## Records from a collection
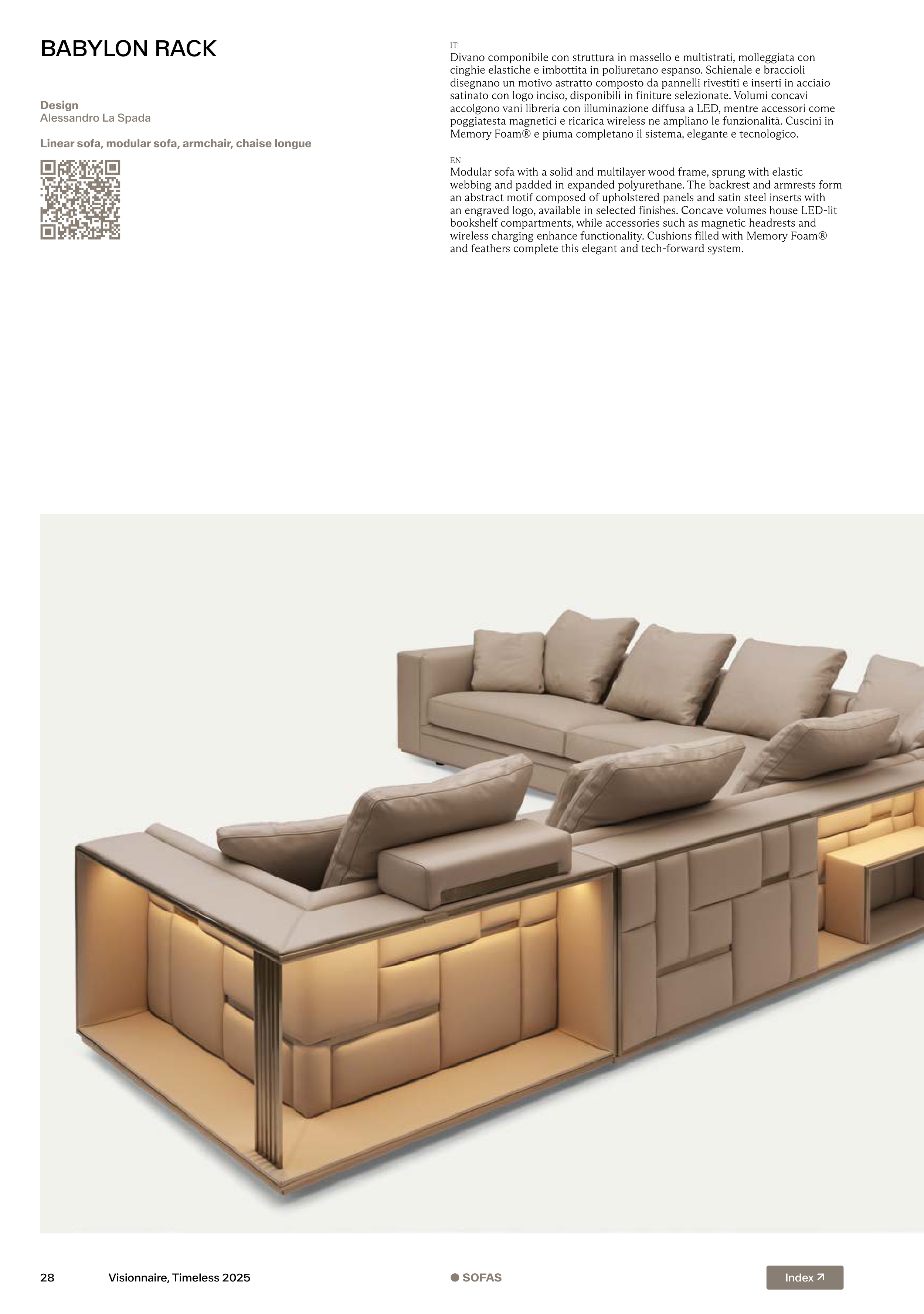 an engraved logo, available in selected finishes. Concave volumes house LED-lit
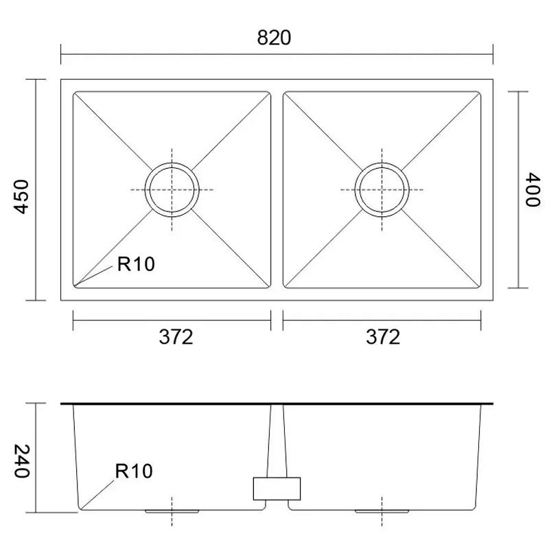 Chậu rửa 2 hố Roslerer RL04-8245 âm toàn phần với bề ngang chậu 820mm, chậu thích hợp với những bàn bếp có chiều ngang vừa phải. Sản phẩm hướng đến phong cách vuông hiện đại, khỏe khoắn. Với bề ngang 820mm, kích cỡ chậu được thiết kế dành cho khoang tủ từ 800-850mm. Chậu rửa 2 hố Roslerer RL04-8245 âm toàn phần thuộc dòng Undermount tối ưu cho phong cách lắp âm đang là xu hướng bởi thẩm mỹ tối giản và dễ dàng vệ sinh.
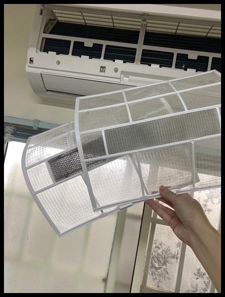 拆下冷氣濾網,趁著冷氣保養時順將濾網拿去清洗
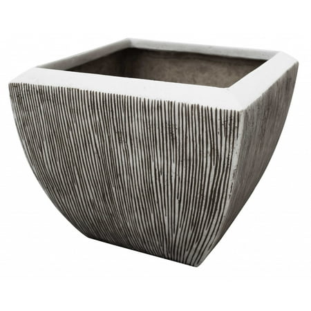 1" x 18" x 39" Gray Sandstone Ribbed Long Conical Planter With Light
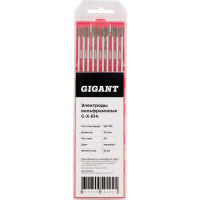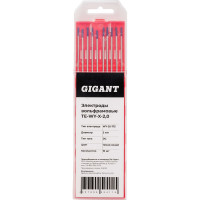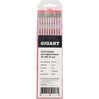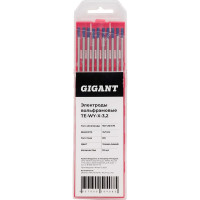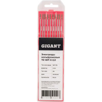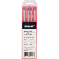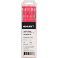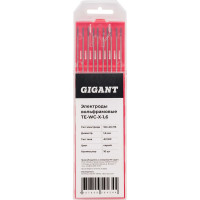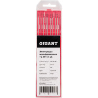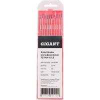 Электроды вольфрамовые (WT-20-175; 1.6 мм; красный; DC; 10 шт) Gigant TE-WT-X-1,6
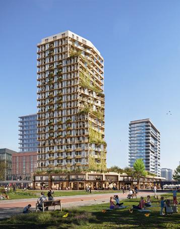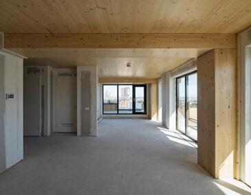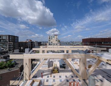 High-rise responds to the demand for urban housing with smart, space-efficient designs. The fully biobased structure — from ground floor to elevator core — is free of concrete and minimizes CO₂ emissions. This sustainable solution builds upon existing urban infrastructure and combines efficiency with high-quality living standards for a growing urban population and a livable city.
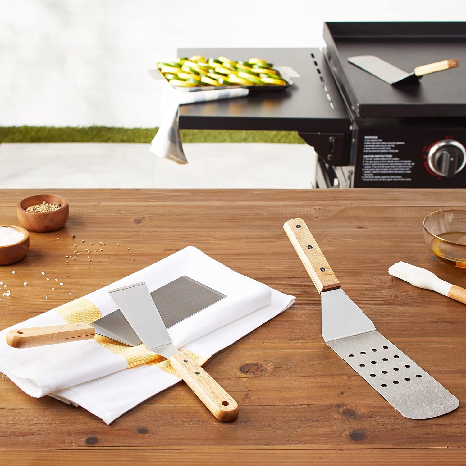 Amazon Basics 4-Piece Stainless Steel Barbecue Flat Griddle Spatula Set, Waterproof, Anti-UV, Durable, Silver
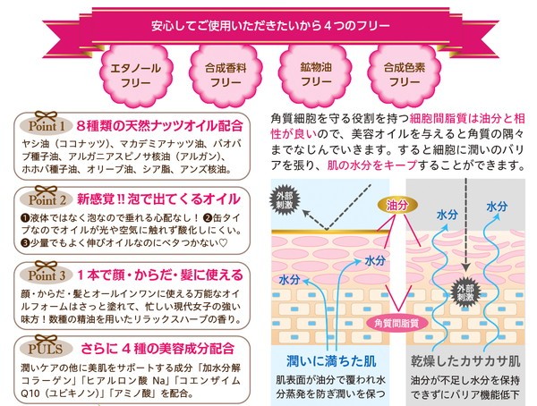 水、ホホバ種子油、グリセリン、BG、LPG、オリーブ油、オレイン酸ポリグリセリルー10、ステアレスー20、PEG
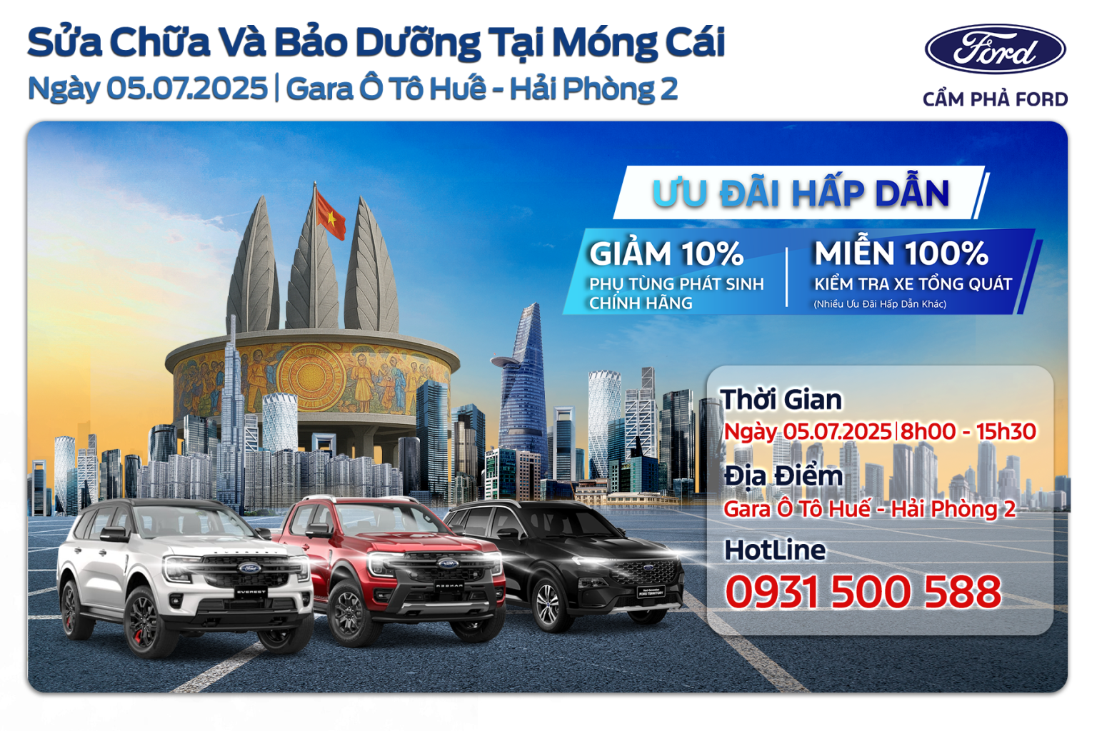 Với mong muốn mang dịch vụ chính hãng đến gần hơn với khách hàng khu vực biên giới, Cẩm Phả Ford tiếp tục hành trình bảo dưỡng & sửa chữa lưu động tại TP Móng Cái. Vào ngày 05/07/2025, khách hàng sở hữu xe Ford sẽ được chăm sóc toàn diện mà không cần phải di chuyển xa.
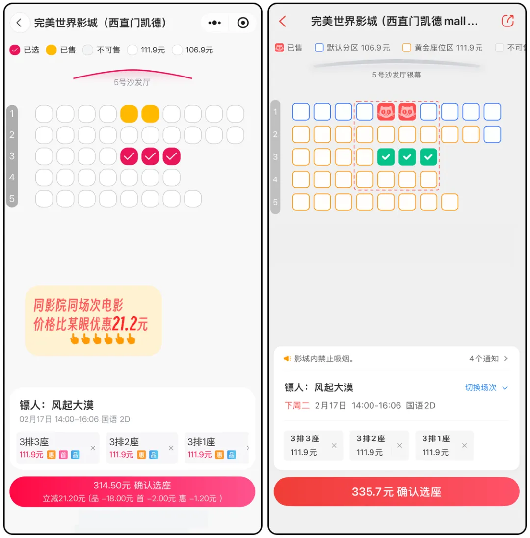 完美世界影城(西直门凯德店)×3张335.7电影票品城卡立减21.2
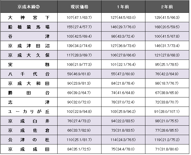 京成本線(日暮里~京成成田)の平均坪単価は153万円で、1年前に比べて2.2%、3万円下落した。事例数は2557件(前年より10件減)、平均築年数が31.7年(1年前30.9年)、平均専有面積は63.61平方メートル(同63.43平方メートル)。今回掲載区間(大神宮下~京成成田)の最高値は船橋競馬場の155万円。同駅は今期の事例数が20件未満で変動幅が大きくなっている。
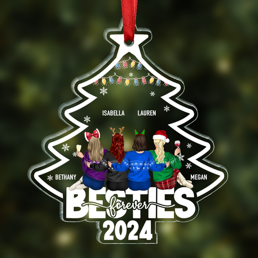 Besties Sisters Forever Christmas Tree - Personalized Custom Shaped Acrylic Ornament
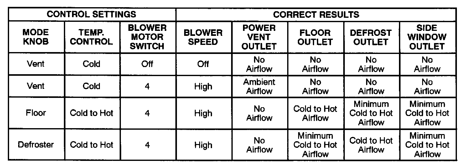 HEATING SYSTEMThis procedure provides a test of all functions of the heater/defroster unit.
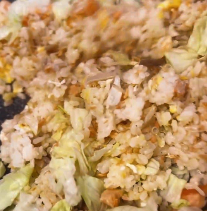 そこに、白米、レタスを加えて、全体的に混ぜ合わせると…
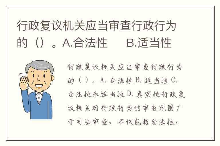 行政复议机关应当审查行政行为的()。A.合法性 B.适当性 C.合法性和适当性 D.真实性
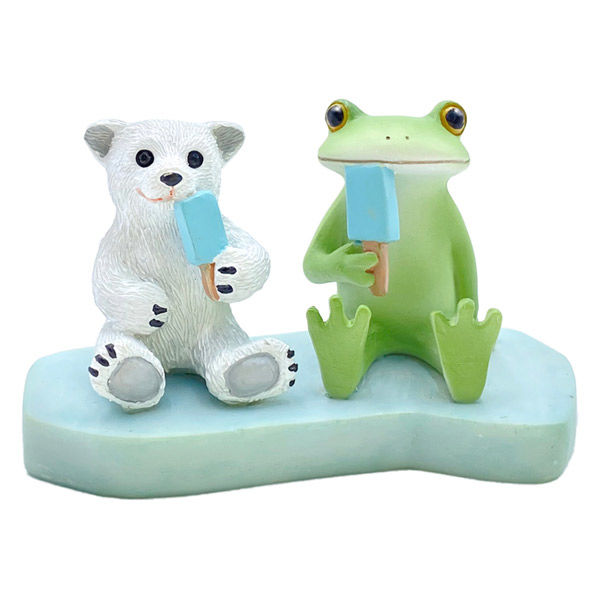 | 商品の特徴 | 手のひらサイズのキュートなカエル、コポーシリーズの「しろくまとアイス」です。 コポタロウの愛くるしい姿や表情が心をほっこりと癒してくれます。 一つ一つ職人さんが心を込めて手作業で作製しています。 お部屋や玄関はもちろん、ワークデスクにもおすすめです。 お気に入りのコポタロウを飾ってお家のインテリアをさらに可愛くしてみませんか。 テーマを決めてシリーズで飾ると、個性豊かな彼らの世界感をよりお楽しみいただけます。 | ||
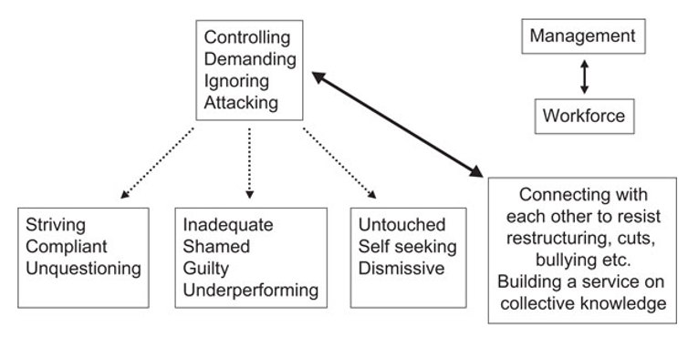All too often the reactions to commands from above range from conscious agreement to unthinking compliance (“this is how the world is, get on with it”). This merges into resigned acceptance or silent protest of something experienced as disturbing. It is very easy to experience the instructions as just that and to feel impotent. NHS management increasingly promotes a sense that dialogue and discussion present unnecessary delays; managers become focused on ensuring that the directives they are carrying out are complied with by those beneath them. Genuine discussion amongst adults about complex issues is dismissed as time wasting. Generally the views of the workforce are seen as irrelevant; although at times changes are given the gloss of ‘consultations’ (see also Jones & Childs (2007)), the majority of these are meaningless exercises though at least they can slow the process down. Becoming assertive in the face of this is not an easy process for the workforce and probably more so for those who work psychotherapeutically as the nature of the work requires listening to the views of others and responding sensitively in a way that aims to help the patient to think about themselves. In contrast, responding to managers requires a very different mental state of assertion not accommodation, expressing an independent viewpoint rather than seeking to reach a shared conclusion as there is a fundamental divide between the participants in this debate. At a minimum, for those working psychotherapeutically to help patients make fundamental changes in their lives, discovering how our own micro level reciprocal roles interfere with our capacity to speak as adults to those in authority over us can at least build our understanding of why it can be so difficult for patients to make real shifts.
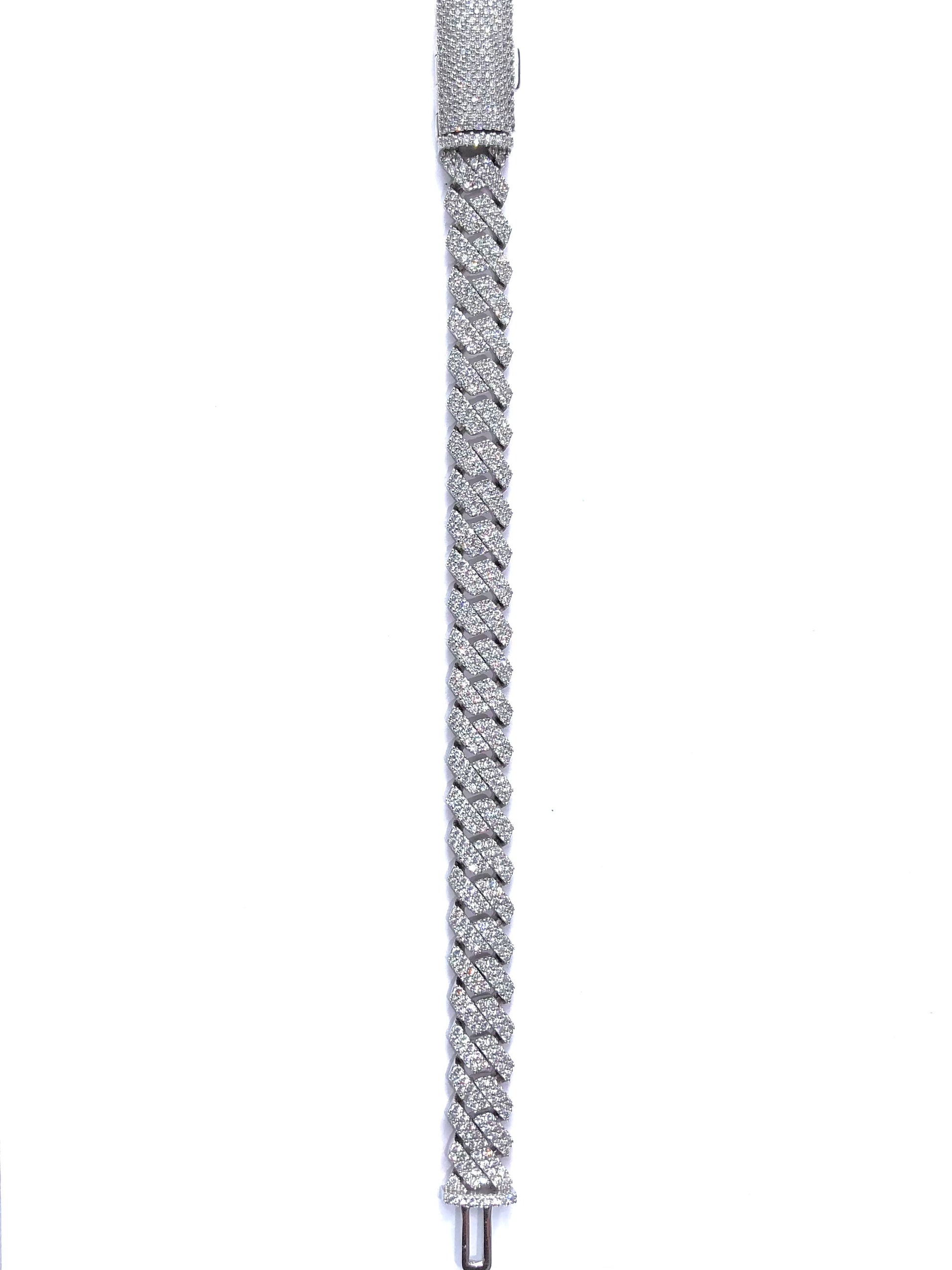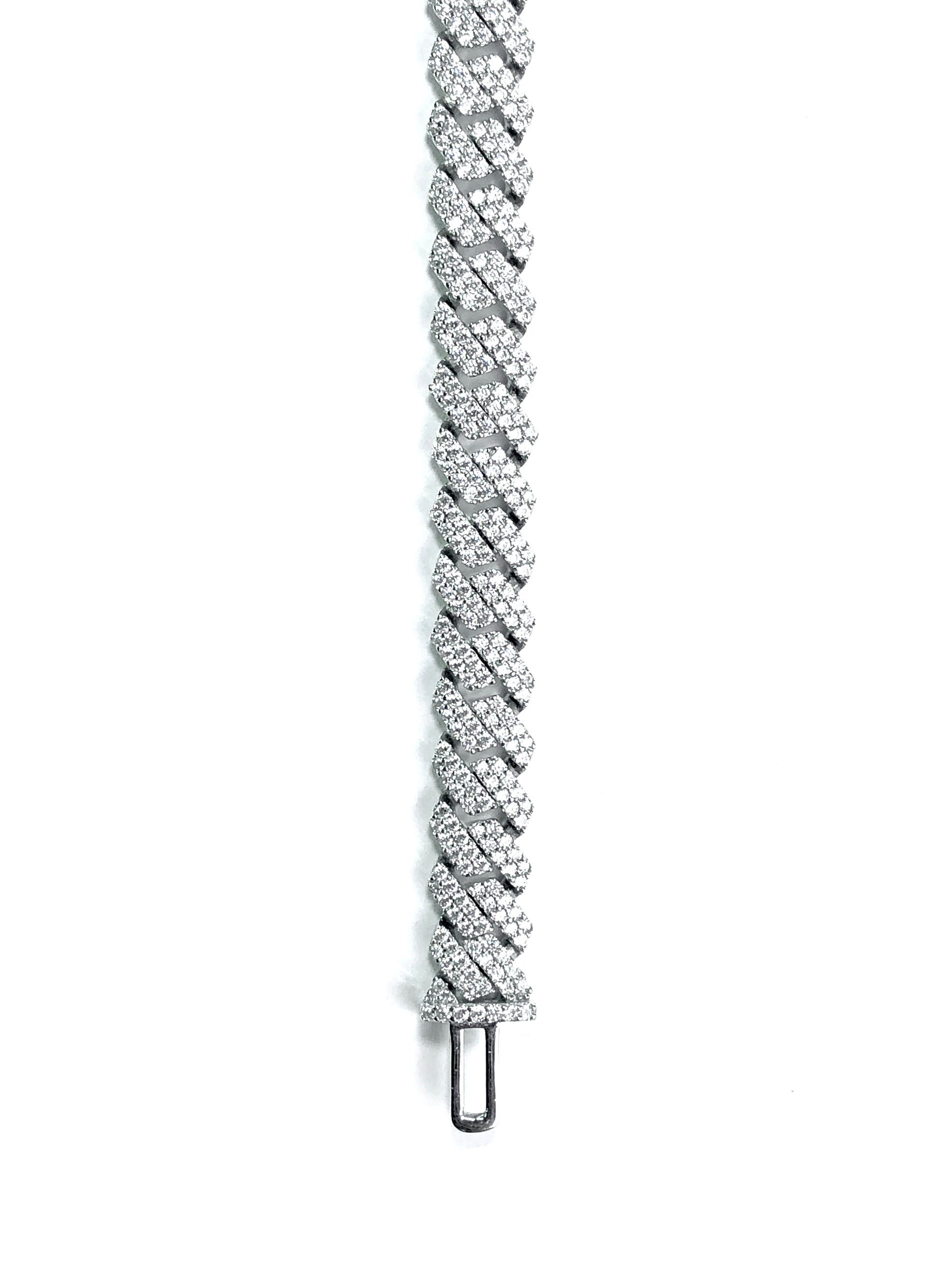 TENNESSI's Slant Cuban Bracelet with prong stone setting. Handset stones in glazing silver, offering a classic but unique look, with perfect detailing. Available for customization.

## EXERCISE INSTRUCTIONS
Using the entries above, transcribe every line from the line containing "行政复议机关应当审查行政行为的()。A.合法性 B.适当性 C.合法性和适当性" through the line containing "テーマを決めてシリーズで飾ると、個性豊かな彼らの世界感をよりお楽しみいただけます。 | ||". Do not copy pictures.

## EXERCISE RESPONSE
 行政复议机关应当审查行政行为的()。A.合法性 B.适当性 C.合法性和适当性 D.真实性
 | 商品の特徴 | 手のひらサイズのキュートなカエル、コポーシリーズの「しろくまとアイス」です。 コポタロウの愛くるしい姿や表情が心をほっこりと癒してくれます。 一つ一つ職人さんが心を込めて手作業で作製しています。 お部屋や玄関はもちろん、ワークデスクにもおすすめです。 お気に入りのコポタロウを飾ってお家のインテリアをさらに可愛くしてみませんか。 テーマを決めてシリーズで飾ると、個性豊かな彼らの世界感をよりお楽しみいただけます。 | ||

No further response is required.